Under Construction: Inside the New Edible Academy at the New York Botanical Garden
By Liam La Guerre October 18, 2017 12:00 pm
reprintsThe Ruth Rea Howell Family Garden at the New York Botanical Garden in the Bronx has provided New Yorkers a place to learn about plant-based nutrition for three decades—but the outdoor green space was only open half the year.
However, thanks to a $28 million expansion its programming will be around all year, and incorporated into the new Edible Academy—a three-ace property with a classroom building, a 350-seat terraced lawn amphitheater, a greenhouse, a new equipment shed and multiple gardens.
The new site (double what it was) will allow for twice the number of visitors per year to 100,000. (Some programs will be run by celebrity chef Mario Batali, an honorary chairman of the Edible Academy.)
The project broke ground last year on Oct. 27 in the 126-year-old New York Botanical Garden, which is located in the city-owned Bronx Park, and a grand opening ceremony is expected on June 14, 2018.
As one might expect, Edible Academy will be built with sustainable and eco-friendly features. The Cooper Robertson-designed project is being constructed to Leadership in Energy and Environmental Design (LEED) Gold specifications.
There will be a leaching galley, which traps wastewater and sends it into the ground so it doesn’t overburden the sewer system. And EW Howell Construction Group workers have drilled eight holes for geothermal wells, which can collect heat and cool energy from 465 feet under the surface, and bring it back up to heat or cool the 3,500-square-foot Edible Academy classroom building.
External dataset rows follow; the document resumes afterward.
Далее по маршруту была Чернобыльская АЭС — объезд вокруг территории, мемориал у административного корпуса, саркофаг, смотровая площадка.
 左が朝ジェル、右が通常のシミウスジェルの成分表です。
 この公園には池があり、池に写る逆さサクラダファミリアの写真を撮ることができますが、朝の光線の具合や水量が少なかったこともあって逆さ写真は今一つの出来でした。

Also, there will be a solar panel pavilion.
In addition, workers have installed a stormwater detention system, which collects rainwater to help prevent flooding.
“We are next to the Bronx River so we have to control the runoff,” Robert Zirkel, a vice president at EW Howell’s arts and culture division, told Commercial Observer. “This stormwater system slows the water volume into the Bronx River. It could stop potential flooding.”
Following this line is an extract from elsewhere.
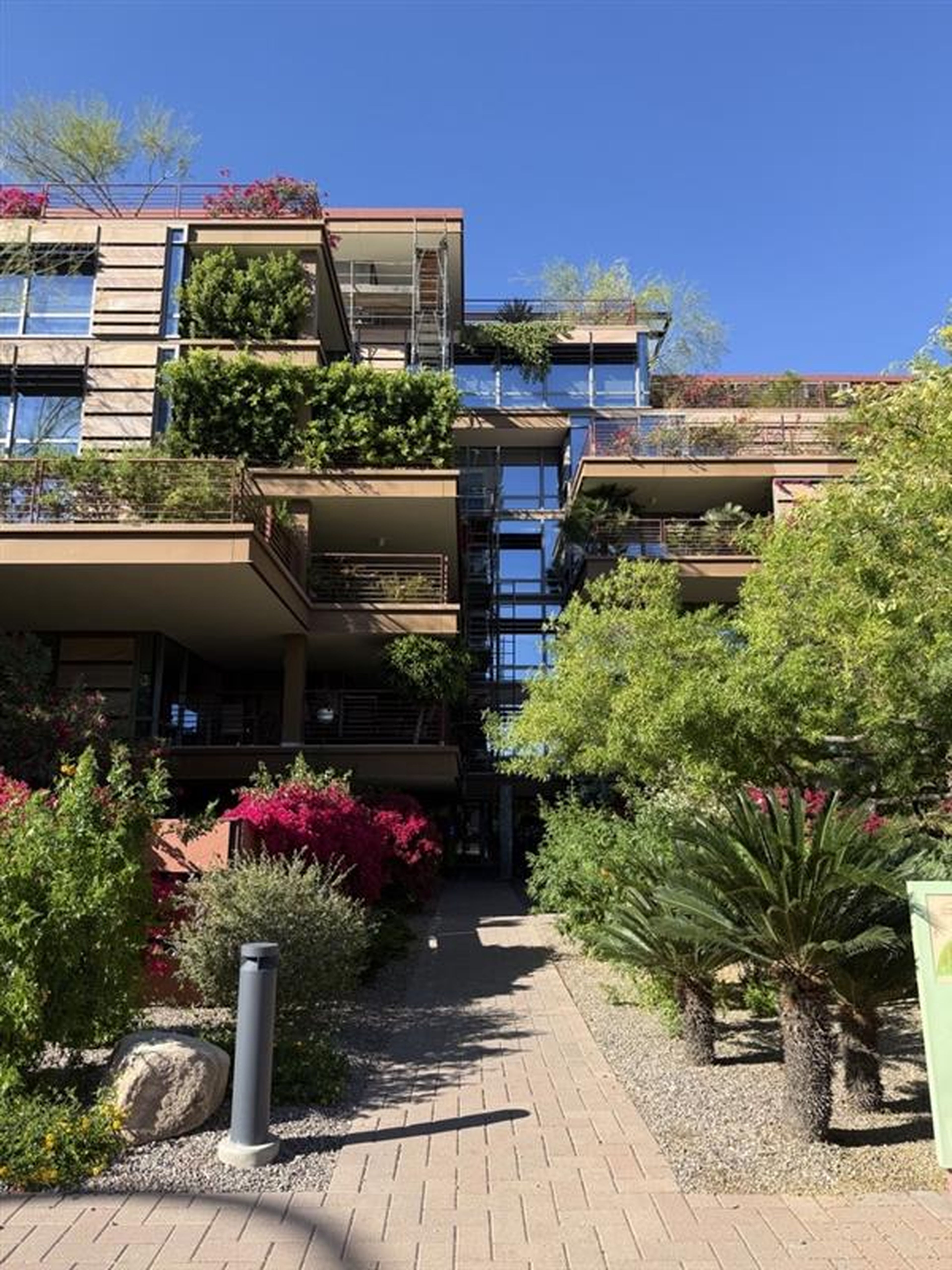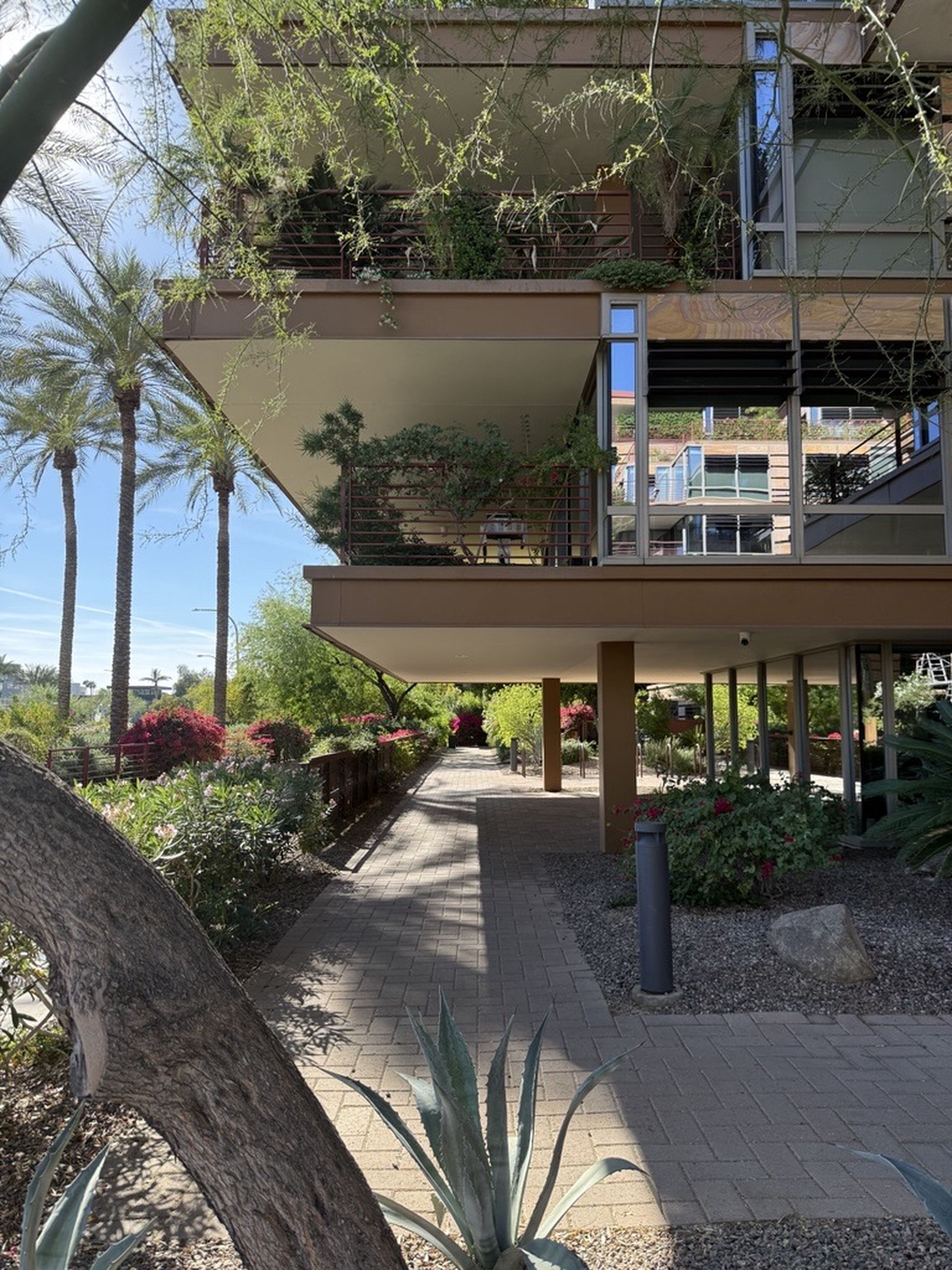 Designed with a strong focus on sustainability and environmental elements, no two buildings on the 12-acre Optima Camelview Village are exactly alike. The steel framing in each of the complex’s 11 buildings features large cantilevers—up to 20 feet—that support planted, stepped terraces and 23-acres of rooftop gardens. Linked by a series of walkways and pedestrian bridges, the community has an inherent, interconnected feel.

Edible Academy’s main building will be built using Douglas Fir wood for posts, beams and walls, and it will have a green roof. That building is under construction now.
The greenhouse, which has already been erected, is an aluminum-framed glass building. Contractors are currently putting in the electrical systems, lighting, and heating, ventilation and air conditioning.
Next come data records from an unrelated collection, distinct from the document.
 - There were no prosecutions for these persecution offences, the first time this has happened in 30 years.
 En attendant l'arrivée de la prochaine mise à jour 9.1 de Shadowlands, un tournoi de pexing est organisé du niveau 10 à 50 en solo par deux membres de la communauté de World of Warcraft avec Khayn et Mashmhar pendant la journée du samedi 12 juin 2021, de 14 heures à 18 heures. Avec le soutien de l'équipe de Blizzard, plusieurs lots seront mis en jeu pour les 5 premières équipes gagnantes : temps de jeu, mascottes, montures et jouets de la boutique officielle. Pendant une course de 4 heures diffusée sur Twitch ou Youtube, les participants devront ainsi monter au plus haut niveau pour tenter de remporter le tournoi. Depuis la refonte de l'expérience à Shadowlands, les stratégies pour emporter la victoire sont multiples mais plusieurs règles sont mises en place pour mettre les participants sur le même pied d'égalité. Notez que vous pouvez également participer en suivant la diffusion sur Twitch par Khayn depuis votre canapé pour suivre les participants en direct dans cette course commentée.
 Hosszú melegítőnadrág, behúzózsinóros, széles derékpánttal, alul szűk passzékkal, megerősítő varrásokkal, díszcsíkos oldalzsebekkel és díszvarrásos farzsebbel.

Getting in and out of the construction site is a challenge for EW Howell, as trucks have to be cleaned and vacated before the New York Botanical Garden opens to the public at 10 a.m.—and it is not in a convenient spot.
“It’s located on the far side of the garden away from all of the entrances,” Zirkel said. “And trucks can’t bring any mud into the roadways, so we have a stone tracking pad and washing stations.”